3. OCIOSIDADE, RÉDEA SOLTA, BANCA ARDENTE
– João Salgueiro diz que o melhor seria mesmo nacionalizar o Novo Banco. Mas diz que “o problema é que a experiência que temos com bancos nacionalizados não tem sido boa.” Desculpe, … e a experiência com a gestão privada tem sido boa?!
– Ana Botin, a mão que segura o Santander, elogia a gestão macroeconómica do governo português. Na inauguração das novas instalações do banco um autêntico desfile de personalidades associadas à decadência do capitalismo-zinho lusitano, que belo contraste.
– Por falar em bancos, já cá faltava o Banco. Não só temos um regulador que não regula como temos um dos Bancos Centrais mais inflacionado em termos de número e de custo dos seus funcionários. E que anda a maior parte deles a fazer? Uns andam a circular entre o Banco e a banca: veja-se o caso do director de supervisão que foi recrutado à banca, pouco aqueceu o lugar, e agora tudo indica que vai voltar de novo à banca.
Também é instrutivo perceber o que faz o resto dos funcionários, os quais aparentemente andam com demasiado tempo nas mãos e (pasme-se) cada vez empregam mais tempo em puro trabalho académico sem QUALQUER relação com as funções do Banco: aqui se revela como há disponibilidade para tudo, até para se andarem a entreter aos argumentos contra a tributação da riqueza (!).

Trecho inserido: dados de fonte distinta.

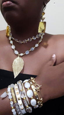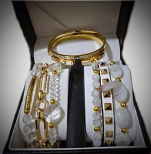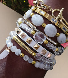We call this the " Master Healer Stack". This stack of bracelet is paired perfectly, giving a sense of a purity and clarity look.This set is made with grade AAA clear quartz beads, 6mm moonstone beads, and irregular shaped round moonstone beads. Each beaded bracelet is accented with 4mm stainless steel beads. This set comes with a belt bucklet bracelet, toggle clasp stainless steel link bracelet, and stainless steel bangles with clear crystal accents.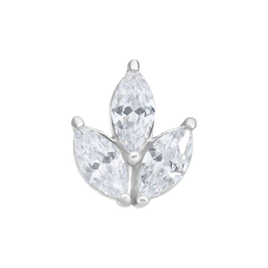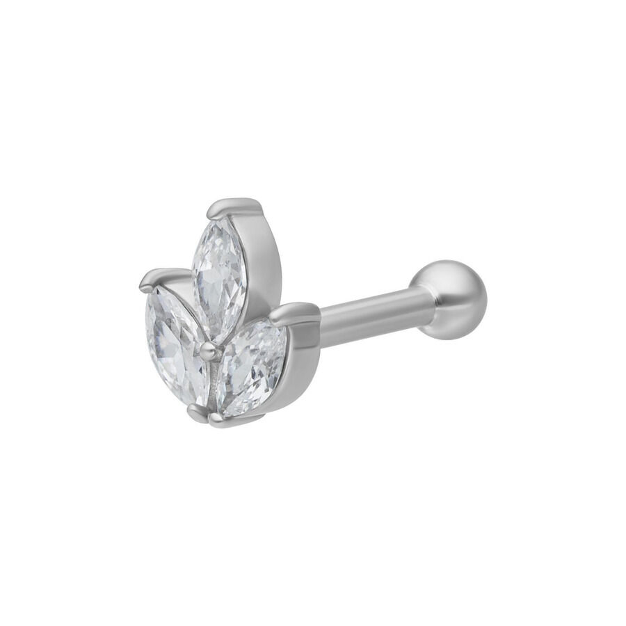 Tämä kaunis barbell-korvakoru on valmistettu 316L ruostumattomasta teräksestä ja se on hopeanvärinen. Marquise Earbarbell -barbellit on koristeltu kauniilla koristeosalla, jossa on kolme kristallinkirkasta kiveä.

– já agora … A Associação Batoto Yetu Portugal, que desenvolve trabalho real, com jovens e crianças desfavorecidos mas interessados em cultura africana, também irá inaugurar instalações! Mas contrário de outras entidades que nadam em dinheiro enquanto deixam o país afundar aqui passa-se algo de diferente: está em marcha um movimento de apoio completamente voluntário, eis o link para a campanha de crowdfunding. Também contrariamente a outros casos (vem à ideia a banca portuguesa, porque será?!), o retorno positivo é mesmo garantido.